Édith Giovanna Gassion wird am 19. Dezember 1915 geboren, wahrscheinlich im Krankenhaus Hôpital Tenon. Später bilden sich Gerüchte: sie sei auf dem Gehsteig auf die Welt gekommen, auf dem Mantel eines Polizisten, oder wenigstens im Hauseingang.

Sicher ist: ihre ersten Lebensjahre verbringt sie in großer Armut; der Vater, ein fahrender Akrobat, ist weg, die überforderte Mutter vernachlässigt sie. Der Vater findet die Dreijährige in erschreckendem Zustand, bringt sie zu ihrer Großmutter aufs Land - sie ist Aufseherin im Bordell des Städtchens Bernay, wo Édith weiter aufwächst.

Mit sechs oder sieben Jahren nimmt der Vater sie auf die Reise mit. Édith lernt das Leben auf der Straße, und vor Publikum zu singen. Sie kennt das Leben der kleinen Leute, der Prostituierten, sie kennt es nur zu gut und wird es in manchen sozialkritischen, oder zumindest "realistischen" Chansons überzeugend wiedergeben.
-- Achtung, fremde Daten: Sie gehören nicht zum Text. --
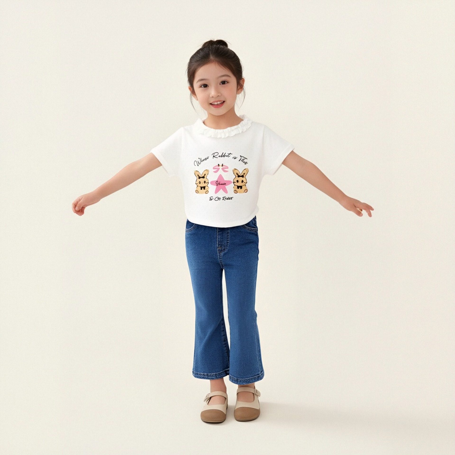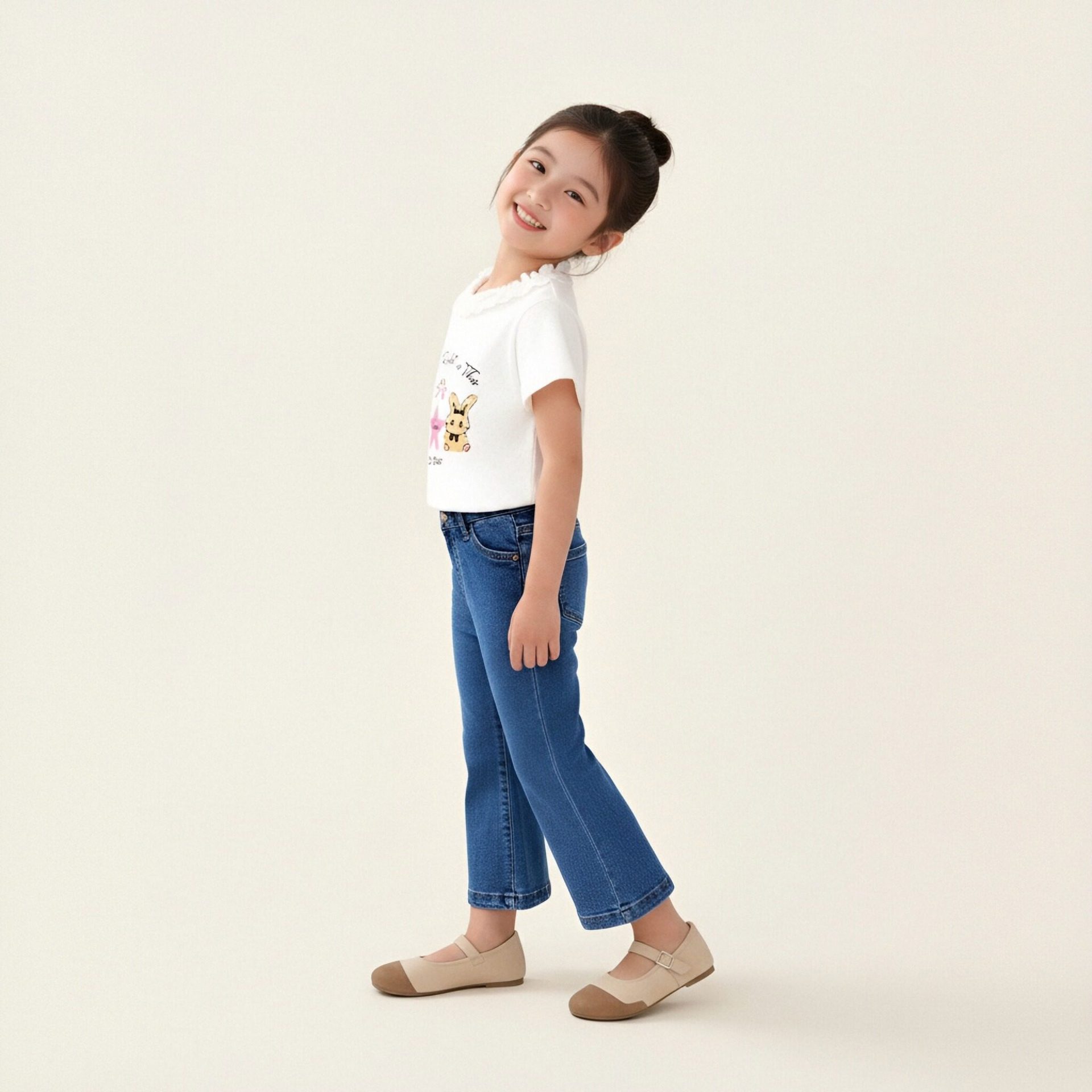 여자 봄, 가을 청바지 가을 옷 2022 새로운 어린이 한국 스타일 어린이 슬림 스트레치 벨 바닥 바지 도매스토어 가기

Nach ihrem Debüt im "Gerny's" im Oktober 1935 geht es Schlag auf Schlag: Piaf ist mehrmals hintereinander in der Radiosendung von Jacques Canetti zu Gast, dem Bruder des Nobelpreisträgers, sie macht erste Aufnahmen und hat bald danach ihren ersten Auftritt in einem Film, es ist La Garçonne, Édith Piaf singt darin das trotzige Chanson "Quand même".
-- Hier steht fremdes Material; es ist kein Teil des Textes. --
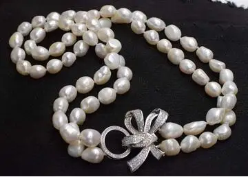 Ожерелье из пресноводного жемчуга, белый нестандартный барокко, 2 ряда, 10-11 мм, 22-24 дюйма, оптовая продажа

Medium für Medium wird sie für sich erobern: die großen Theater und "Music-halls" der Hauptstadt, ABC, Bobino, Moulin Rouge … Sie nimmt Schallplatten auf, wirkt in Filmen mit. Während der deutschen Okkupation geht sie in den Süden, kehrt aber zu Auftritten nach Paris zurück, reist sogar nach Berlin. Opportunistisch? Andererseits unterstützt sie jüdische Musiker wie den Pianisten Norbert Glanzberg – der einen ihrer großen Erfolge schreiben wird "Padam padam".

Édith Piaf wird – nicht leicht für eine Französin – auch den amerikanischen Markt erobern, wird ihr Repertoire und ihre Präsentation an die Erwartungen des amerikanischen Publikums anpassen. Und in den USA Anregungen erfahren, die sie wieder mit nach Europa bringt – sogar einen Song der Rock 'n' Roll-Komponisten Leiber/Stoller wird sie mit französischem Text aufnehmen ("L'homme à la moto").

Sie ist eine ungemein wandlungsfähige Künstlerpersönlichkeit, die sich immer wieder neu definiert, professionelle wie persönliche Niederlagen überwindet, immer wieder neu beginnt. Eines bleibt ihr verwehrt: dauerhafte Liebe.

Mit vielen, beinahe allen ihrer künstlerischen Partner hat sie Affären – und umgekehrt, macht Liebhaber zur künstlerischen Partnern, die Liste ist beeindruckend (und unvollständig): Raymond Asso, Yves Montand, Charles Aznavour, Georges Moustaki ... Viele fördert und entdeckt sie. Aber Partner kann sie nicht halten, oder behandelt sie so schlecht, dass sie die Flucht ergreifen.

Ihre große Liebe, der Boxer Marcel Cerdan, stürzt 1949 mit dem Flugzeug ab. Oder blieb er nur wegen seines Todes die große Liebe? Das Thema der Kindheit scheint sich zu wiederholen – das Fehlen dauerhafter Bezugspersonen.

Édith Piaf nimmt Zuflucht in Morphium und Alkohol, geht in Konzerten und auf Tourneen aber weiterhin an und über ihre Grenzen. "Jedes Mal, wenn sie singt, meint man, sie risse sich ihre Seele zum allerletzten Mal aus dem Leib", schreibt ihr langjähriger Freund Jean Cocteau.

Piafs ausgebeuteter Körper gibt am 10. Oktober 1963 für immer nach, Piaf ist noch nicht 48. Sie stirbt zweimal: zunächst im südfranzösischen Grasse, aber ihr Leichnam wird umgehend nach Paris gebracht, wo offiziell der Tod festgestellt wird. Zehntausende Menschen kommen, um sie ein letztes Mal zu sehen, eine halbe Million Menschen begleitet den Begräbniszug.